What are the lessons to be learned here?  Most concretely, it's important to check the size of data structures whenever you are slicing arrays.  I was lazy in my coding of the crossvalidation loop, and I should have checked that the size of the dataset being fed into the classifier was what I expected it to be (the difference between 400 and 182609 would be pretty obvious).  It might have added an extra 30 seconds to my initial coding time but would have saved me from a huge headache and hours of time needed to rerun all of the analyses.

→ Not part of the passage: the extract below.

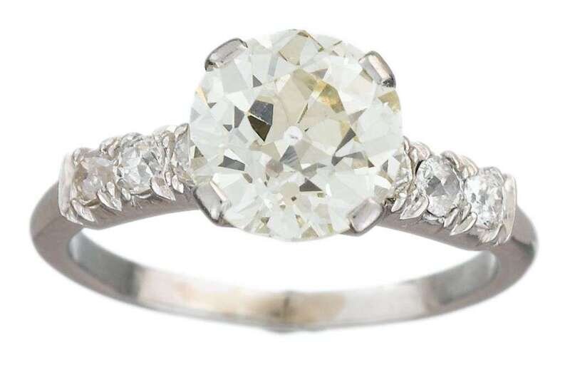 set with an old European-cut diamond, flanked by circular-cut diamonds; center diamond weighing approximately: 2.00 carats.
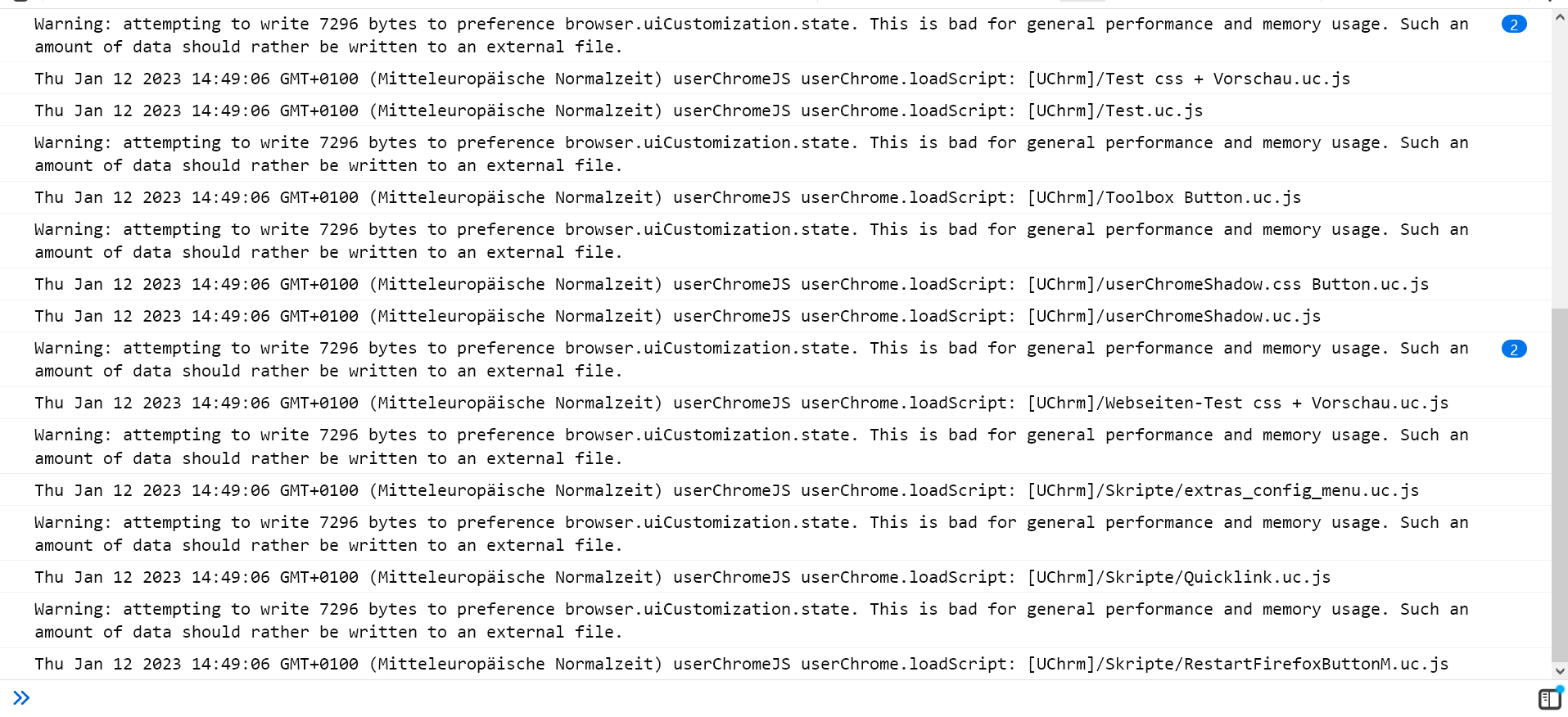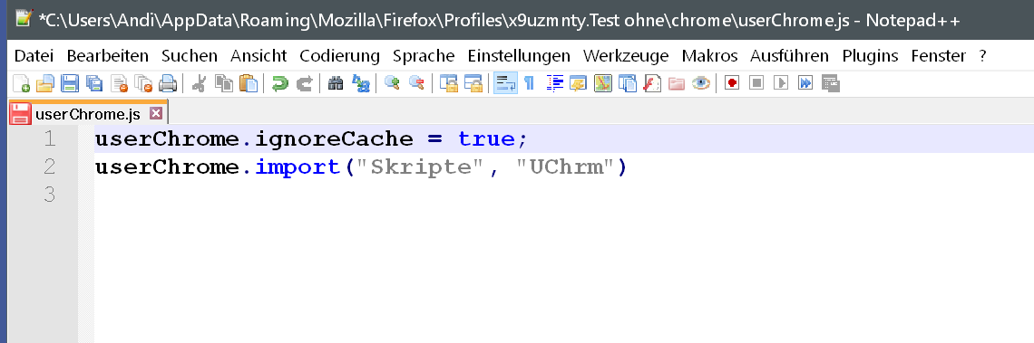 Der Eintrag userChrome.import("*", "UChrm") verweilt nur deshalb noch in der userChrome.js,

Second, sharing code is necessary but not sufficient for finding problems.  Someone could have grabbed my code and gotten exactly the same results that I got; only if they looked at the shape of the sliced arrays would they have noticed a problem.  I am becoming increasingly convinced that if you really want to believe a computational result, the strongest way to do that is to have an independent person try to replicate it without using your shared code.  Failing that, one really wants to have a validation dataset that one can feed into the program where you know exactly what the output should be; randomization of labels is one way of doing this (i.e., where the outcome should be chance) but you also want to do this with real signal as well.  Unfortunately this is not trivial for the kinds of analyses that we do, but perhaps some better data simulators would help make it easier.

Finally, there is a meta-point about talking openly about these kinds of errors. We know that they happen all the time, yet few people ever talk openly about their errors.  I hope that others will take my lead in talking openly about errors they have made so that people can learn from them and be more motivated to spend the extra time to write robust code.